Some patients who use mouthwash regularly can suffer dry mouth which can increase the risk of tooth decay. Certain mouthwashes can upset the natural balance of bacteria which can lead to bacterial overgrowth. A few other side effects associated with the use of mouthwashes include:

  • Taste disorder
  • Tongue and mouth numbness or irritation
  • Retention of Sodium
  • Staining of teeth
  • Build-up of tartar
  • Mucosal erosion
  • Swelling of glands on the side of neck or face
  • Mouth Ulcers

Daily use of Mouthwash

Manufacturers of cosmetic mouthwash claim that their product promotes oral health. However, most dental experts disagree about the effectiveness of these products. Mouthwash may kill germs but their effect is only temporary because germs develop quickly. In fact, some dental experts are of the view that rinsing the mouth with ordinary water is as effective as using an over-the-counter mouthwash.

Studies have shown that oral rinsing is as effective as flossing. However, the American Dental Association has stated that these claims have not been substantiated. Flossing continues to be an effective way of removing debris stuck between the teeth. Even if mouthwashes reduce plague, they should be never be used as a replacement for flossing and brushing.

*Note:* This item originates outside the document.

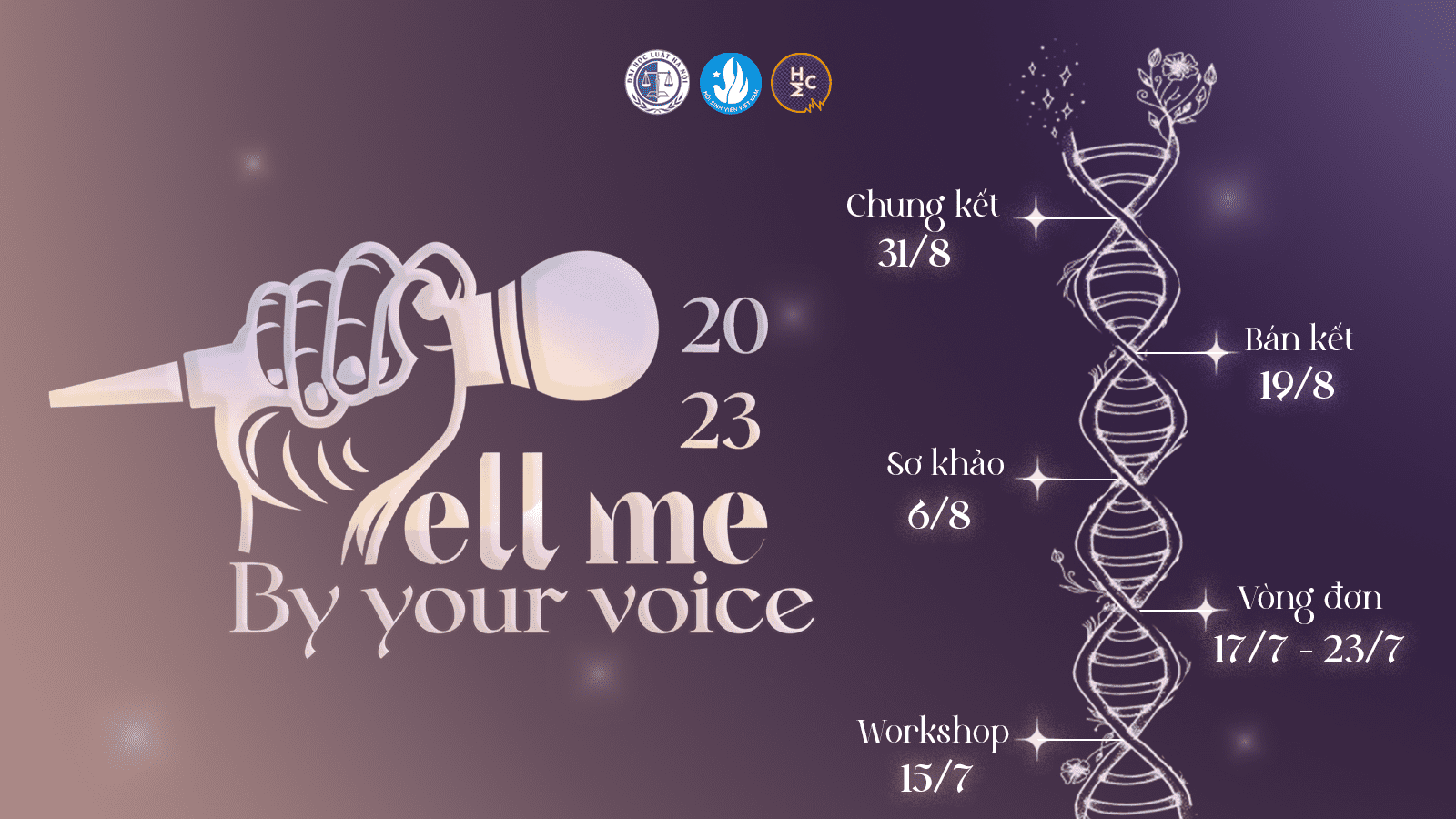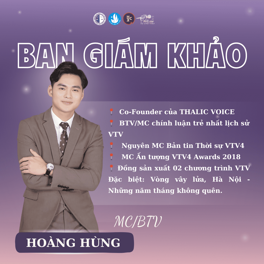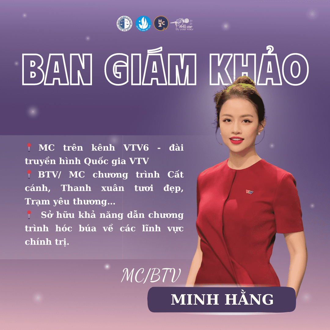 Dành cho các bạn trẻ trong độ tuổi từ 18 đến 22 quan tâm tới lĩnh vực thuộc về giọng nói, “Tell me by your voice 2022” - Cuộc thi phát thanh do Câu lạc bộ MC Trường Đại học Luật Hà Nội tổ chức đã để lại ấn tượng đặc biệt. Tiếp nối thành công mùa đầu tiên, “Tell me by your voice 2023” đã trở lại với diện mạo mới lạ, thu hút lượng lớn đơn đăng ký của các bạn sinh viên đến từ nhiều trường Đại học trên địa bàn thành phố Hà Nội.

If you are suffering from bad breath, you can use a mouthwash for odor masking. However, if the problem persist, it is best that you contact your dentist. Some of the causes for bad breath include oral infection, diabetes, dry mouth, and respiratory tract infection. Using a mouthwash to deal with these problems will not help. You must visit a qualified healthcare professional to get these health problems treated.

Lawsuits and Studies

We are not aware of any official study conducted to test the side effects of using mouthwash. However, two articles that we came across on the internet, provides some insight into the possible problems associated with regular use of mouthwash. In a study published by Mirror UK, it was found that risk of oral cancer increases if you use mouthwash more than 3 times in a day.

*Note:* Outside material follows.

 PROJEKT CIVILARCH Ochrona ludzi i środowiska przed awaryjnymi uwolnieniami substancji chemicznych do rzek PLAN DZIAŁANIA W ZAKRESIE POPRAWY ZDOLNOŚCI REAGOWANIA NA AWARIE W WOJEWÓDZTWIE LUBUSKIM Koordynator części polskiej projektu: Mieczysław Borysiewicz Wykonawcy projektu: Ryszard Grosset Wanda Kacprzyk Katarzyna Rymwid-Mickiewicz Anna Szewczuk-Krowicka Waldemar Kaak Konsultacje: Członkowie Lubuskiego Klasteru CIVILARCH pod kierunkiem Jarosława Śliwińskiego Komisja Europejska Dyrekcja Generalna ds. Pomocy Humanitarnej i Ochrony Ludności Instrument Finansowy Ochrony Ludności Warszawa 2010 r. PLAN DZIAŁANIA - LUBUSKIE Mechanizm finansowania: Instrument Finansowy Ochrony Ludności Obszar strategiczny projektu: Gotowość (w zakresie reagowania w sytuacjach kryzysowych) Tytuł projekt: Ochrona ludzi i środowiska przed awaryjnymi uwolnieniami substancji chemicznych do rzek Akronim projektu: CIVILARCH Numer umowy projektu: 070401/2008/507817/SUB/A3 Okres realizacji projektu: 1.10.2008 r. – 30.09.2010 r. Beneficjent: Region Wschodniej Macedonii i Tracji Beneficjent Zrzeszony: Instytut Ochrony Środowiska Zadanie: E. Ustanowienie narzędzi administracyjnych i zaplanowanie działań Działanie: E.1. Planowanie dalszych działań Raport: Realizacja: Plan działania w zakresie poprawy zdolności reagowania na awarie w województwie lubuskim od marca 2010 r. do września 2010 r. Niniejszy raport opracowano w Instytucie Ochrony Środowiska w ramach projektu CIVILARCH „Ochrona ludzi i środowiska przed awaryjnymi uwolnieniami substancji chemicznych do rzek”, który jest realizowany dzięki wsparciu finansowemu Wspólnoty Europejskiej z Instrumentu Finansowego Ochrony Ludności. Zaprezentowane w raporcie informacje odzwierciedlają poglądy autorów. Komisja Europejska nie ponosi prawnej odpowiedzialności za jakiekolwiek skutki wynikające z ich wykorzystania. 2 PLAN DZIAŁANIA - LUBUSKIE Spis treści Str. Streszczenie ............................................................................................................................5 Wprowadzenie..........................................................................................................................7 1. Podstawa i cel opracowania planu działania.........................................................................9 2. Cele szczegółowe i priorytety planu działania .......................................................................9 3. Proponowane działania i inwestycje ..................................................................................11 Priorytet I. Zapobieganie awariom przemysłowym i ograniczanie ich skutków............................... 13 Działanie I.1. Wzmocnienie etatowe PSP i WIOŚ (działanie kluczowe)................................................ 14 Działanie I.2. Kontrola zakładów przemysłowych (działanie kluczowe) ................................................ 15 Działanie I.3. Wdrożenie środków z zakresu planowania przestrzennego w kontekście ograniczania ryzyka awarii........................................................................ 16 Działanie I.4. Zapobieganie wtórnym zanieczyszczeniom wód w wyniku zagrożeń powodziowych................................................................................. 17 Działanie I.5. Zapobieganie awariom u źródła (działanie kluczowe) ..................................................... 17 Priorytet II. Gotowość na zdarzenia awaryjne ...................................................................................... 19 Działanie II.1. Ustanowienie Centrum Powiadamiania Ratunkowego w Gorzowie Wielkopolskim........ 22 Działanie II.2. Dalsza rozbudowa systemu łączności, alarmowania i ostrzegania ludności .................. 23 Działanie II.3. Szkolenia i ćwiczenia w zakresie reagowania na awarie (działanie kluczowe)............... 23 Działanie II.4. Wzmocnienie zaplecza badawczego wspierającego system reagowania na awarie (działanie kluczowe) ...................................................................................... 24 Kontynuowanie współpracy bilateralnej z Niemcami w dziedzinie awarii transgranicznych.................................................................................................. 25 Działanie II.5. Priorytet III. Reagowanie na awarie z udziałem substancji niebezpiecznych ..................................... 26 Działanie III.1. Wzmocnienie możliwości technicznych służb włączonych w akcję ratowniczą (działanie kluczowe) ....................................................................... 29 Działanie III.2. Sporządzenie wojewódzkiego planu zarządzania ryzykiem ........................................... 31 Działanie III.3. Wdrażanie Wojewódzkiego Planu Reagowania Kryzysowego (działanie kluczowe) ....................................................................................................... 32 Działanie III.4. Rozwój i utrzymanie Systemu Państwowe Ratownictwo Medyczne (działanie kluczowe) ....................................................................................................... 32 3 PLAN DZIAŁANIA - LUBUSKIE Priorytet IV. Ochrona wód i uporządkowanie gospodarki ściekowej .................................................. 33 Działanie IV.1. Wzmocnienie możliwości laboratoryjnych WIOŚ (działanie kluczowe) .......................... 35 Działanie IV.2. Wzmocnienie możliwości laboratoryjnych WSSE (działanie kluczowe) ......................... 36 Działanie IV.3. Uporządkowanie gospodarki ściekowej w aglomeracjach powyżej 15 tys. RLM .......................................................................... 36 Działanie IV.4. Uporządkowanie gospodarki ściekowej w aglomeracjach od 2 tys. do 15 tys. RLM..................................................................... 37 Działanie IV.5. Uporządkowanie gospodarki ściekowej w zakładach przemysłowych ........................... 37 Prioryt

Another article published on YourLawyer.Com suggests that using mouthwash can increase the risk of oral cancer. The article also gives details of how Australian researchers have found that using alcohol-based mouthwashes can increase the risk of oral cancer. A leading manufacturer of mouthwashes was so concerned about the results of the study that it took all possible steps to avoid lending credence to this report.

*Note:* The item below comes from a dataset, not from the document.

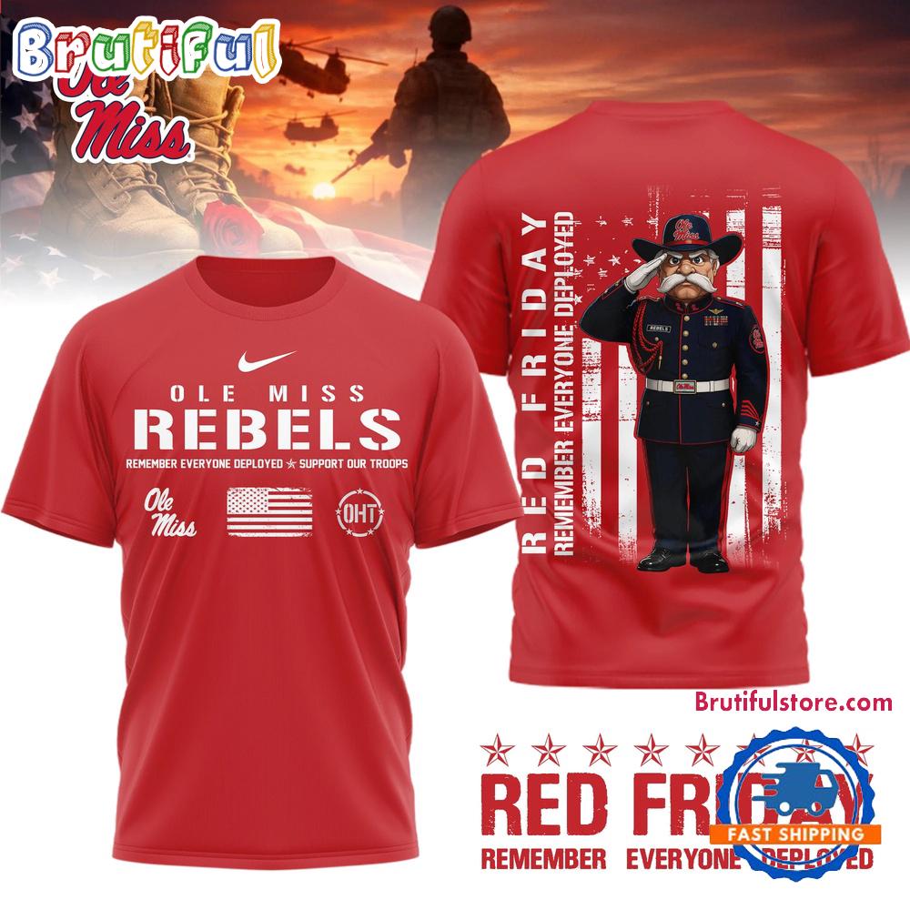 Product details: Ole Miss Rebels NCAA Red Friday Remember Everyone Deployed Limited 3D Shirt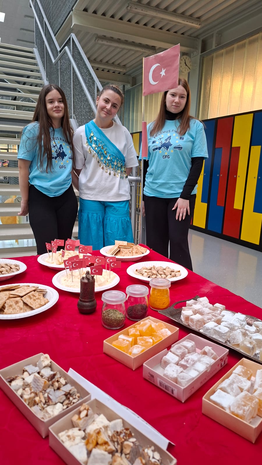 Miris kave i čaja širio se hodnicima s turskog stola. Profesorice Katarina Horvat i Darija Kivač pripremile su predstavljanje Turske. Izloženi su bili tipični turski predmeti (džezva, bakreni mlinci, posudice), turski začini, a mogao se probati i rahat lokum raznih vrsta, turon od badema i karamele sa sjemenkama sezama, slani sir, pistacije, a sve to uz zvuke turske glazbe. Svoje znanje o Turskoj mogli ste provjeriti u kvizu, a više o kulturnoj baštini ispričala je učenica Martina Forjan koja je nosila dijelove turske nošnje.

If your dentist has prescribed the use of mouthwash, it is best that you follow your healthcare professional’s advice. If you are using over the counter commercial mouthwash, it is best that you avoid using it. You can prepare a saltwater mouth rinse at home. All you need is salt and water to prepare this mix. Mix ½ teaspoon of salt with about 8 ounces of water. Rinse your mouth with this mix at least once a day. This mix will clear your oral tissues and is less irritating when compared to alcohol-based rinses.